Depends on what sort of meals you're really looking for. I was never a big fan of all of these tousled-up Instagram Meals that need 20 obscure ingredients from 20 different specialist shops, so all of my meals tend to be alarmingly basic with the exception of any spices that I use to make them not wind up tasting like wet cardboard.
Generally speaking, you're hard-pressed to turn chicken, broccoli and rice into a high-calorie meal if you still to broiling and finding different ways to season it that don't involve butter or deep-frying. Asian and Cajun spices in particular can really turn an otherwise boring pile of chicken into something very interesting without adding any mention-worthy amount of calories to it. The same can be said for low-calorie wraps
(I've found some as low as 60 per), which rapidly became my go-to replacement for sandwich bread if I got tired of making sandwiches. There's also plenty of bread out there that goes as low as 45 calories per slice, though.

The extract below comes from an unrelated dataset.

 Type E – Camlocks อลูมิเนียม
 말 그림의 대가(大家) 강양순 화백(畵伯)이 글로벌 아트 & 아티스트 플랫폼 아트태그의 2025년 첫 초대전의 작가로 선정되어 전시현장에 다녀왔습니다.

Oatmeal and tuna are easily a staple of my everyday diet, too. Nearly every single breakfast I've made for the past such-and-such years has been 1/2 cup of oatmeal, 1 cup of water, 1 tbsp. of peanut butter, 1 tsp. of honey, and a dash of cinnamon. Whole thing measures out around 300 calories, and if that doesn't feel like enough then I'll add an egg somewhere in there. You don't have to relegate it to just breakfast, though. I'm not sure when exactly that oatmeal became nothing more than a mushy breakfast food, but there's
loads of different ways that you can use it. One of my favorites has always been
oatmeal-tuna 'hamburgers' or pan-frying oatmeal and eggs, which comes out tasting
alarmingly similar to hash browns.
You shouldn't discount eggs, either. Eggs are hands-down one of the most-versatile foods available and even if
all you have to work with is a box of eggs and a frying pan, there's still dozens of ways to cook them right there in front of you. I always keep about a half-dozen boiled eggs just sitting in the fridge at any given time purely because they're about 75 calories each. Tuna's kind of the same way, there's a load of things you can do with even just canned tuna, and like I mentioned much earlier "up-thread", even after I completely changed my diet years ago, I never got rid of my tuna melts, I just
changed the recipe so they weren't horrifyingly high-calorie.

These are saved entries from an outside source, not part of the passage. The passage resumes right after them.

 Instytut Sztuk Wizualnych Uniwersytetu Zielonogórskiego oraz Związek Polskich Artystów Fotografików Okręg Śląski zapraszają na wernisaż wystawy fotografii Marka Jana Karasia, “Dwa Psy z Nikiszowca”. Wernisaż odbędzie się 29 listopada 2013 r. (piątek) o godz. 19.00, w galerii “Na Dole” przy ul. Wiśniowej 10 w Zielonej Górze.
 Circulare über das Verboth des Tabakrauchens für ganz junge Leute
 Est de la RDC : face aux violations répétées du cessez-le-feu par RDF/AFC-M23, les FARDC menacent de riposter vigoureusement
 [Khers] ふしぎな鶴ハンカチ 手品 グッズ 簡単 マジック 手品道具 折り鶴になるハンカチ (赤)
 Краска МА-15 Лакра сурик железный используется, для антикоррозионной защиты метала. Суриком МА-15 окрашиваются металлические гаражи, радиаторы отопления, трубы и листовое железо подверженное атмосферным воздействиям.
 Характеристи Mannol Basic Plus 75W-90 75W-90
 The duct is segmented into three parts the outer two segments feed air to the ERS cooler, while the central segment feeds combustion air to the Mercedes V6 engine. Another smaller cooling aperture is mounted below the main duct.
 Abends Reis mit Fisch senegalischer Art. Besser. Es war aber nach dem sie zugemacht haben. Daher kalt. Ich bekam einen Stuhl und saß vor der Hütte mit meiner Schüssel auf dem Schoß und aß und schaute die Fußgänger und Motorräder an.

Never try to maintain a 'diet' that you hate, you're just dooming yourself to failure. Just take existing foods that you already love and find a way to meet them halfway with a lower-calorie alternative. Pizza, cookies, pasta, ice cream, it doesn't matter, there's
always a way to find or make an alternative that's still the original food you enjoyed without it having to be 600 calories a shot. It'll taste a little different, my tuna melts definitely changed, but once you acclimate to that difference then you're all set. It's a bit like when people stop drinking soda or switch to a zero-calorie soda: They fucking
hate it at first, but after a month or two they try the original soda again and wind up gagging.

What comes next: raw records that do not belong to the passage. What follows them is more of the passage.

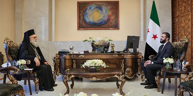 Jolani launched his own ‘charm’ offensive, probably coached by the MI6-linked operatives in Damascus. He met with Greek Orthodox Patriarch John X. Yazigi at the People’s Palace, Damascus. The meeting provided Jolani with the ‘inclusive’ optics, but many on social media pointed out the minor details of ‘disappeared’ Archbishops back in 2013. “Ahmed Al Sharaa, aka Jolani, head of the Syrian terror regime, is responsible for the abduction of the two Orthodox Archbishops of Aleppo: Mor Gregorius Yohanna Ibrahim and Paul Yazigi”. Jolani has never addressed this issue or been pressured to provide information on the Archbishops.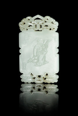 the main rectangular panel carved to one side showing a standing bearing a scepter and a weapon underneath a bat, the other side with lingzhi and scrolling plants, the upper register pierced and carved with foliate scrolls, the lower end showing ruyi clouds.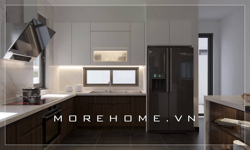 Thiết kế nội thất phòng bếp hiện đại với tone màu nâu trắng mang đến không gian ấn tượng, điểm nhấn cho căn phòng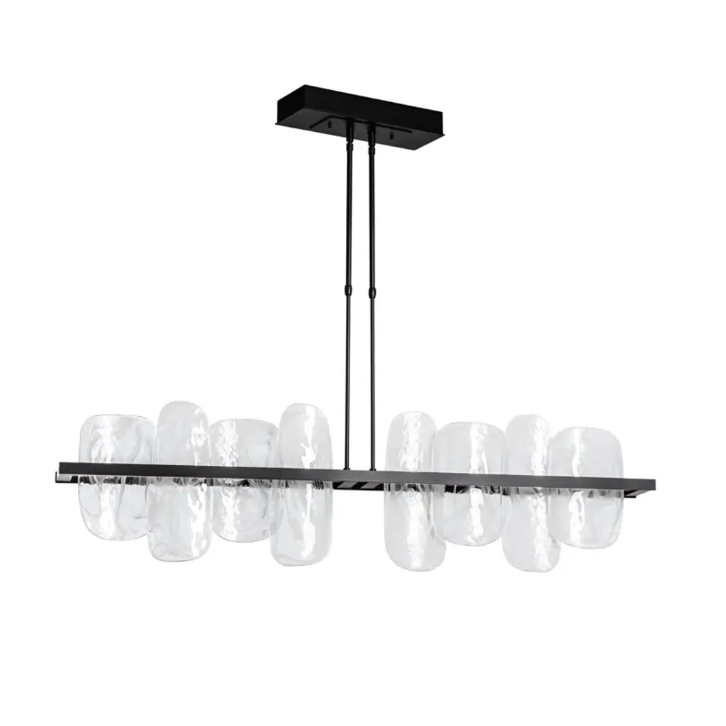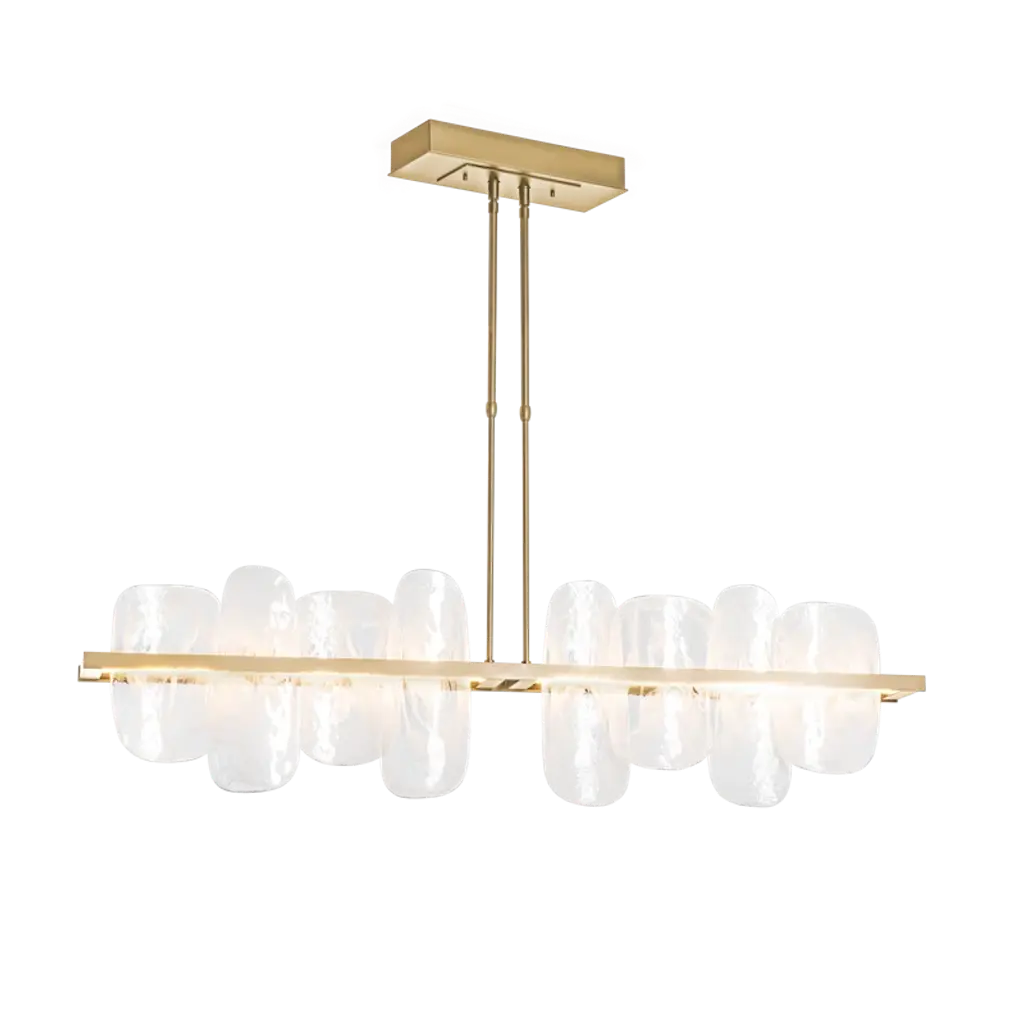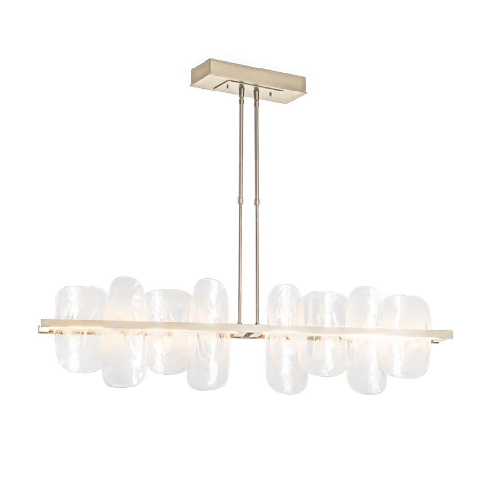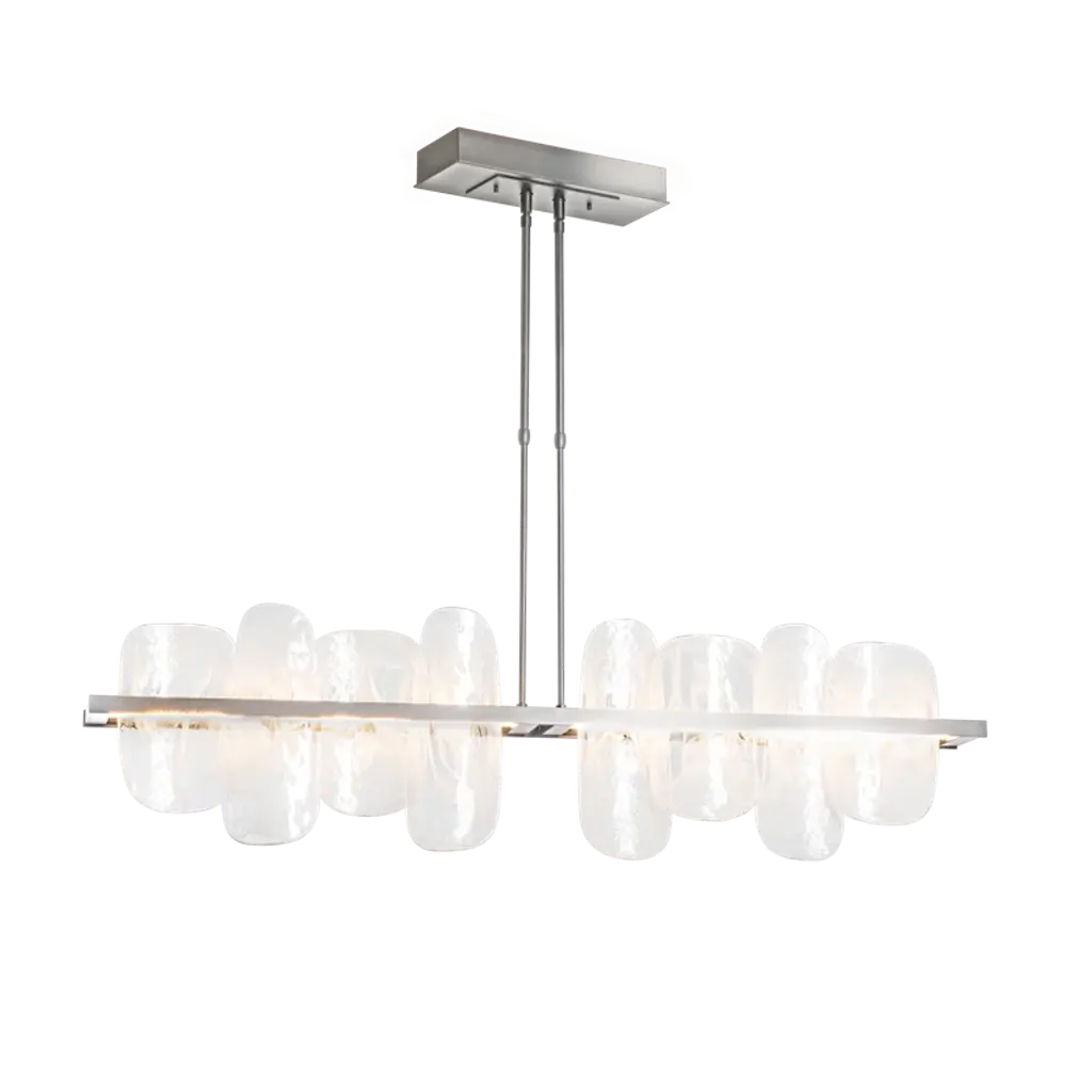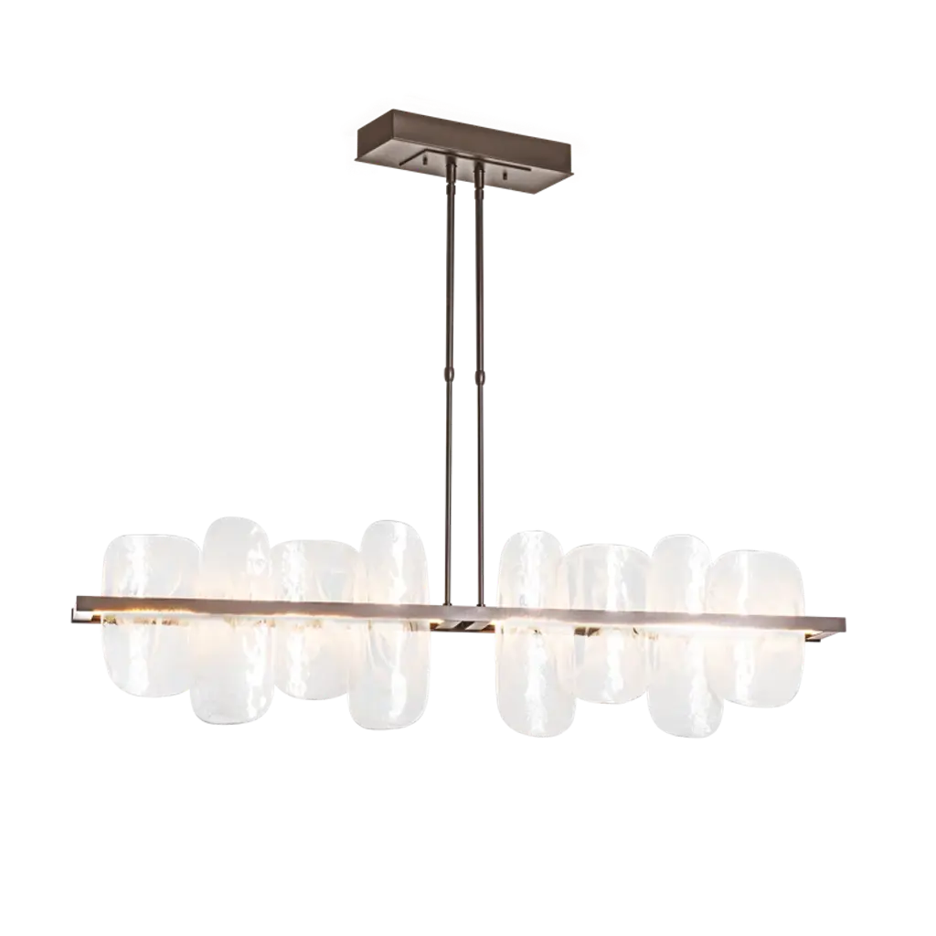 Exquisite, thick, handmade glass features abstract white "swirls" that command attention. The Vitre large linear LED Pendant is perfect over a dining table, a large island, or even a billiards table. Bright and beautiful, this double-rod lighting fixture's LED light-guide platform creates an up-and-down wash of light, illuminating the stunning glass elements and its environs. All Hubbardton Forge products are hand-crafted to last one at a time in Vermont.

If you'd find it helpful: I actually keep a calorie log for all the foods that I eat. They don't have macro/micro nutrients listed and it doesn't exactly come with recipes, but it could give you an indication of the sorts of food that I eat on a low-to-mid calorie diet when I'm not on a higher-calorie "bulk", and believe me when I say that even though I stay under 2,000 calories, it's not exactly restrictive when it comes to the variety that I eat. I'm something of a protein shake addict though, so if you can ignore the 200-500 calories in what amounts to a meal replacement shake every day, you'll find quite a bit of wiggle room to work with.